ABOUT THIS TASK
Among the entries below, one line contains "Toastmaster 1187S - Bread" and another contains "Agenda sekolah berisi". Transcribe those two lines and every line between them, exactly.

RECORDS PROVIDED
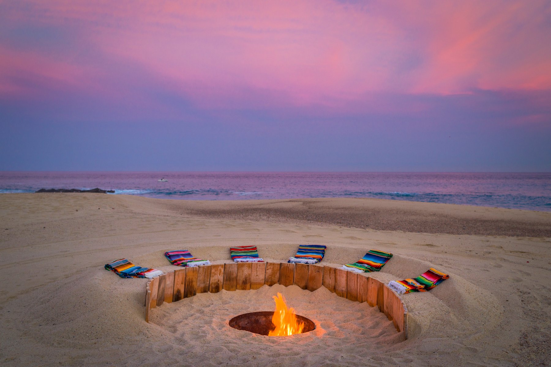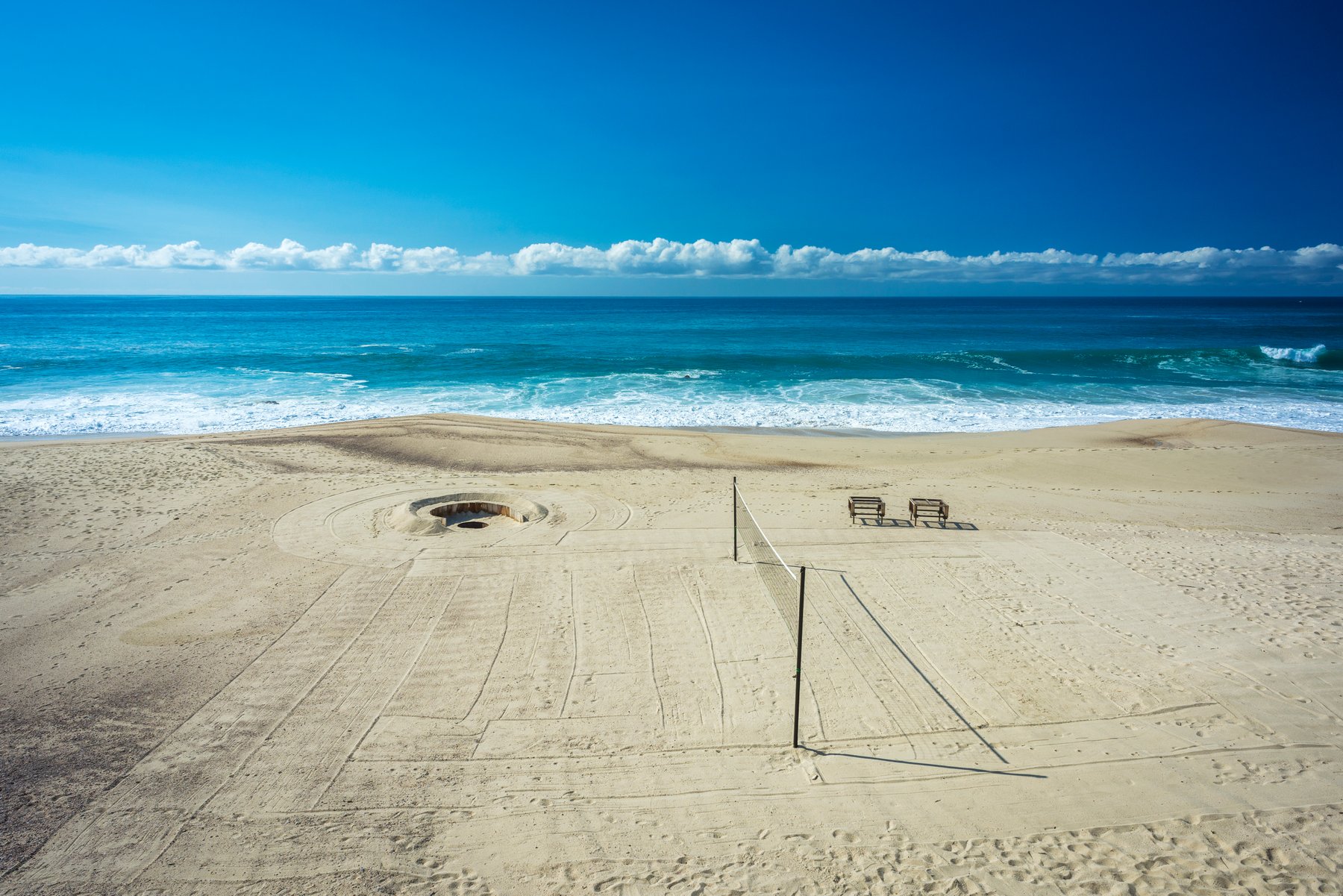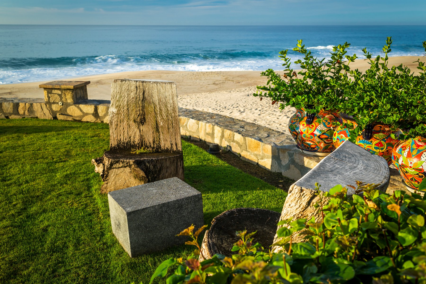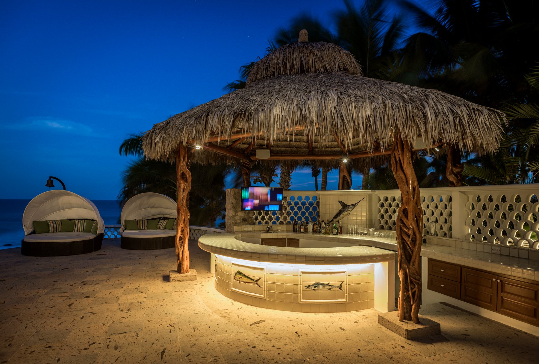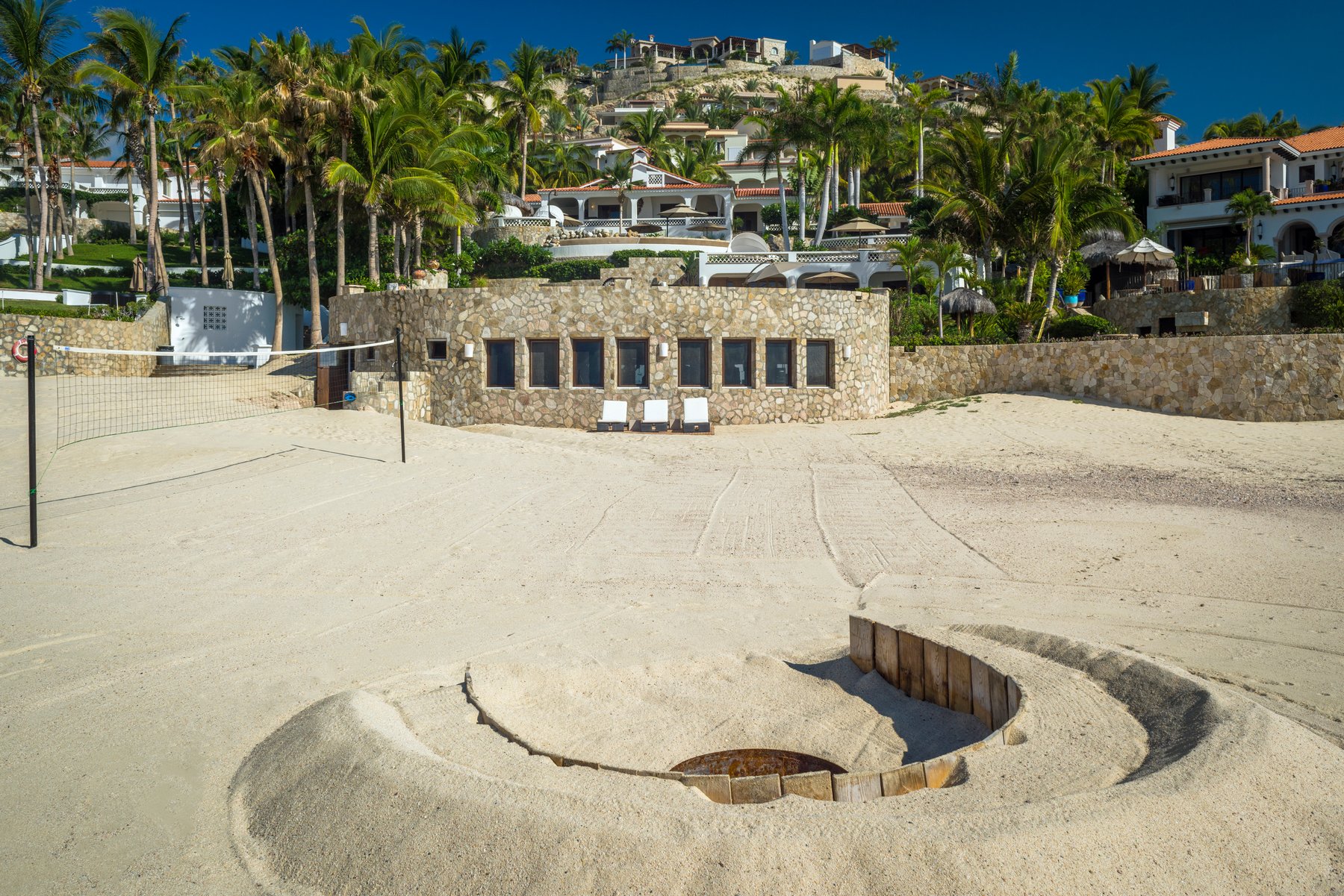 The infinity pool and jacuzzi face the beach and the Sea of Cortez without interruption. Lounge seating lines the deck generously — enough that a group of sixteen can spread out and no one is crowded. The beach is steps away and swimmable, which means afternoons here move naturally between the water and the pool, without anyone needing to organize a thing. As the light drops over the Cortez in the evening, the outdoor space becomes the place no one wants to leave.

--

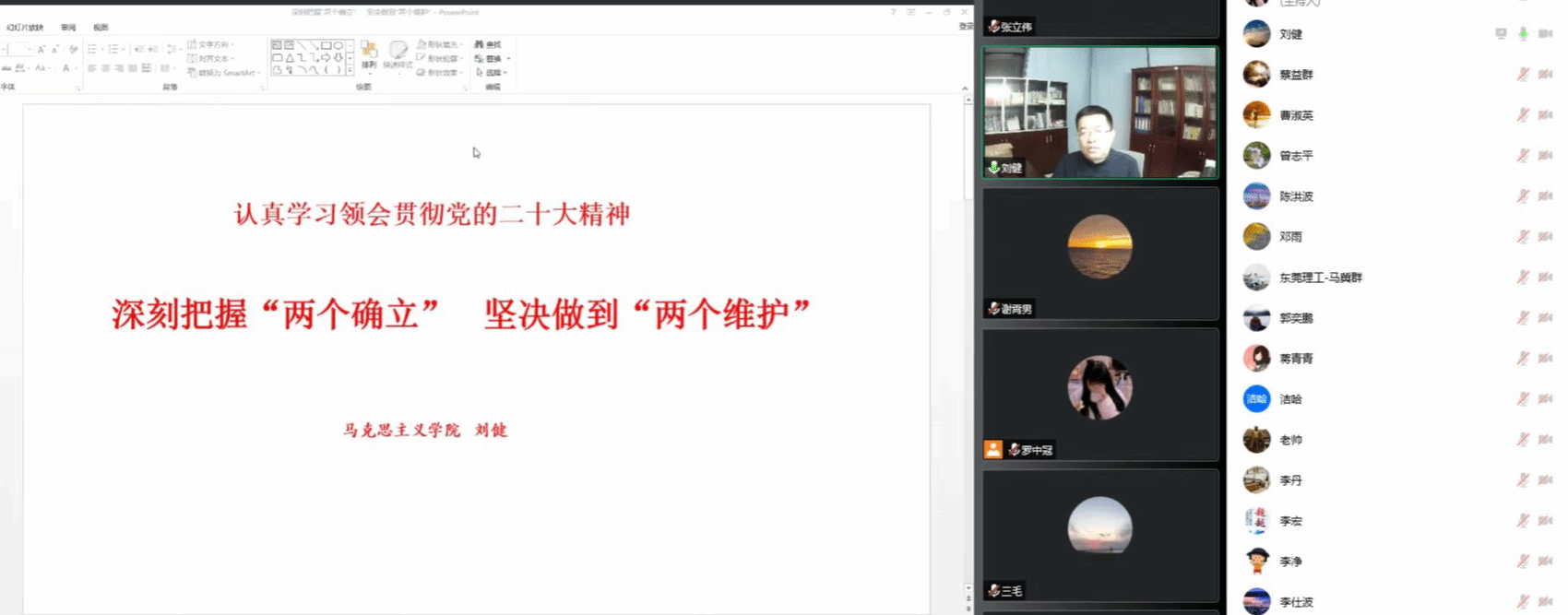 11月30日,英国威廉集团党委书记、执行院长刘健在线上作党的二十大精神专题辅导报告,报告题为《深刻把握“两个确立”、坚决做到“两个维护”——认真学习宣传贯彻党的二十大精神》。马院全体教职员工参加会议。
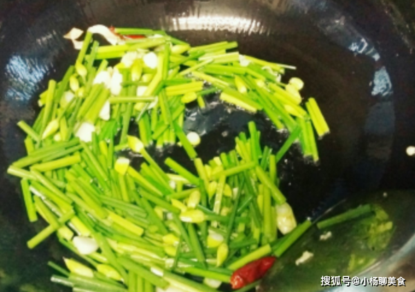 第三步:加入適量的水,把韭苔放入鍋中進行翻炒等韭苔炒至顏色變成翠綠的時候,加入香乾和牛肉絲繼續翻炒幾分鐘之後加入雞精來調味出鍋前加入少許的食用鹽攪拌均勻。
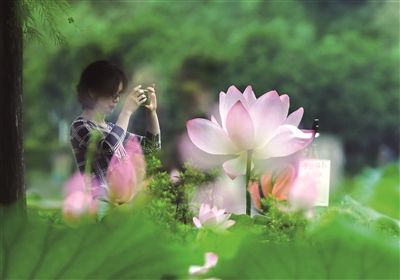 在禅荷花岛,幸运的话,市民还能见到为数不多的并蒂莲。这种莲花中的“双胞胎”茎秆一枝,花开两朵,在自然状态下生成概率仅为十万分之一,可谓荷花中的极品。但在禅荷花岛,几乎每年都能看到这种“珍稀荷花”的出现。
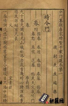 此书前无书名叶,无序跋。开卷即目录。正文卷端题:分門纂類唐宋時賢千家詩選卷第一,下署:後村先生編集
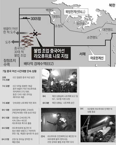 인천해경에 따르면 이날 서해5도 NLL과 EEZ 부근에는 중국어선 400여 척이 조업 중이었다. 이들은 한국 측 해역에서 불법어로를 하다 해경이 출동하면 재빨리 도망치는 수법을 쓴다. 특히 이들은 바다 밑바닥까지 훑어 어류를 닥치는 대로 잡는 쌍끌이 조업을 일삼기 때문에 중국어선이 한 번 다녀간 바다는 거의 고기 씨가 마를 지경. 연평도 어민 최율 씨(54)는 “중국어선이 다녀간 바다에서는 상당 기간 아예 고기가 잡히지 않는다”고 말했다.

--

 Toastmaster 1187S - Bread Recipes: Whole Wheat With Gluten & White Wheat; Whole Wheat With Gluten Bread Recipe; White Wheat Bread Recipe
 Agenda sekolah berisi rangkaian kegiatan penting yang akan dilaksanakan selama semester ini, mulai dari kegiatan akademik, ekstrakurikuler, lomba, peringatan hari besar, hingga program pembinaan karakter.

EXERCISE RESULT
 Toastmaster 1187S - Bread Recipes: Whole Wheat With Gluten & White Wheat; Whole Wheat With Gluten Bread Recipe; White Wheat Bread Recipe
 Agenda sekolah berisi rangkaian kegiatan penting yang akan dilaksanakan selama semester ini, mulai dari kegiatan akademik, ekstrakurikuler, lomba, peringatan hari besar, hingga program pembinaan karakter.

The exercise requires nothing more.